### Task brief
Exactly the lines from the beginning of the records to the line with "- DQ02 جهاز", both ends included, are to be given again, and pictures are to be left out.

### Records shown
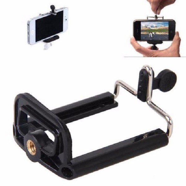 Đầu kẹp điện thoại 2 chiều cho chân máy ảnhGắn kèm cho các loại chân máy ảnh. Phù hợp với hầu hết tất cả các loại điện thoại thông dụng có kích thước từ 4,5 đến 6 inch với độ rộng tối đa tới 8cm
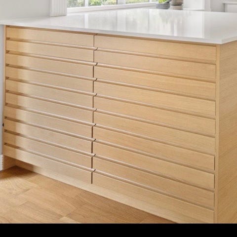 1x 40cm skuffeseksjon til 2 skuffer +en fast front (til venstre for ovn)
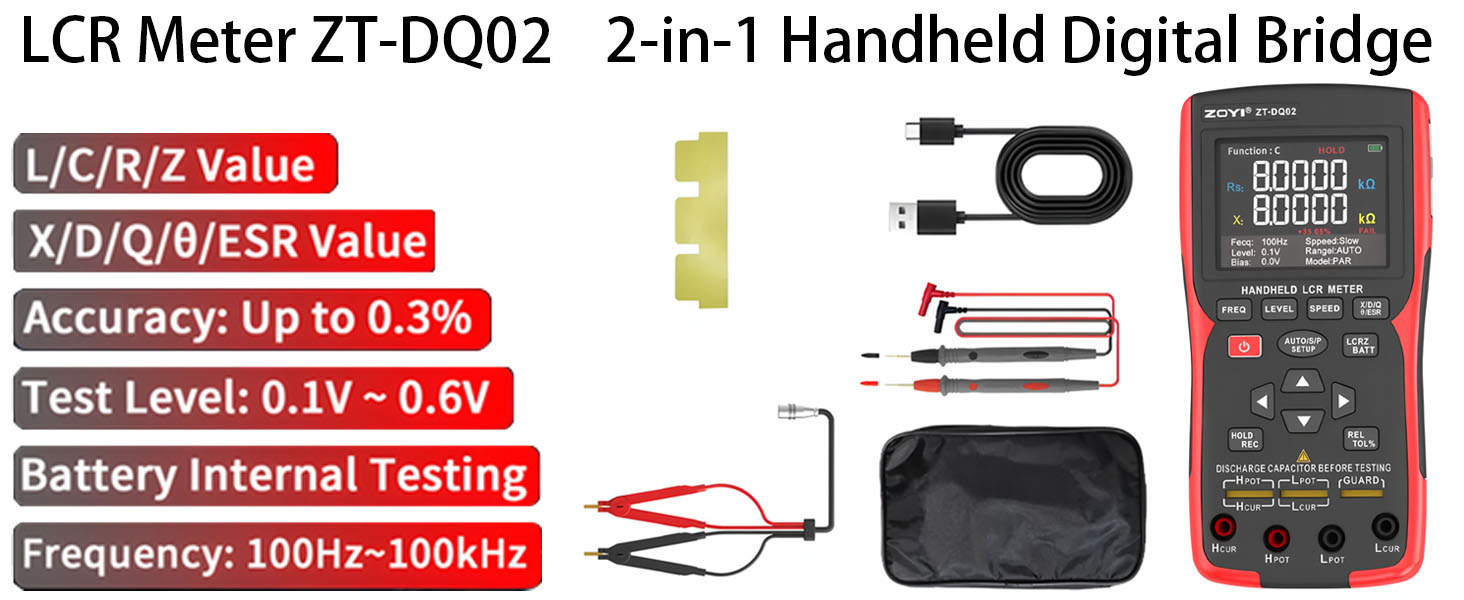 - DQ02 جهاز قياس LCR رقمي 2 في 1 عالي الدقة، الدقة: حتى 0.3%؛ مستوى الاختبار: 0.1 فولت ~ 0.6 فولت
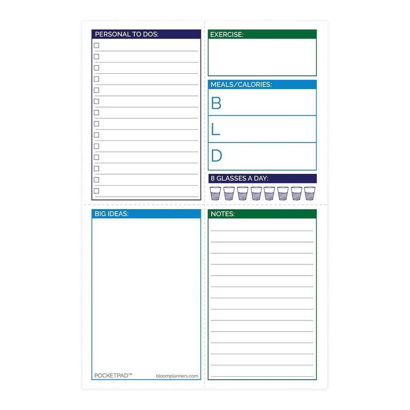 bloom daily planners Pocket Pad - Gender Neutral Double Sided Tear Off Daily Planning Pad - 6" x 9"
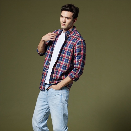 男裝 跳色格紋休閒長袖襯衫-藍紅

### Exercise solution
 Đầu kẹp điện thoại 2 chiều cho chân máy ảnhGắn kèm cho các loại chân máy ảnh. Phù hợp với hầu hết tất cả các loại điện thoại thông dụng có kích thước từ 4,5 đến 6 inch với độ rộng tối đa tới 8cm
 1x 40cm skuffeseksjon til 2 skuffer +en fast front (til venstre for ovn)
 - DQ02 جهاز قياس LCR رقمي 2 في 1 عالي الدقة، الدقة: حتى 0.3%؛ مستوى الاختبار: 0.1 فولت ~ 0.6 فولت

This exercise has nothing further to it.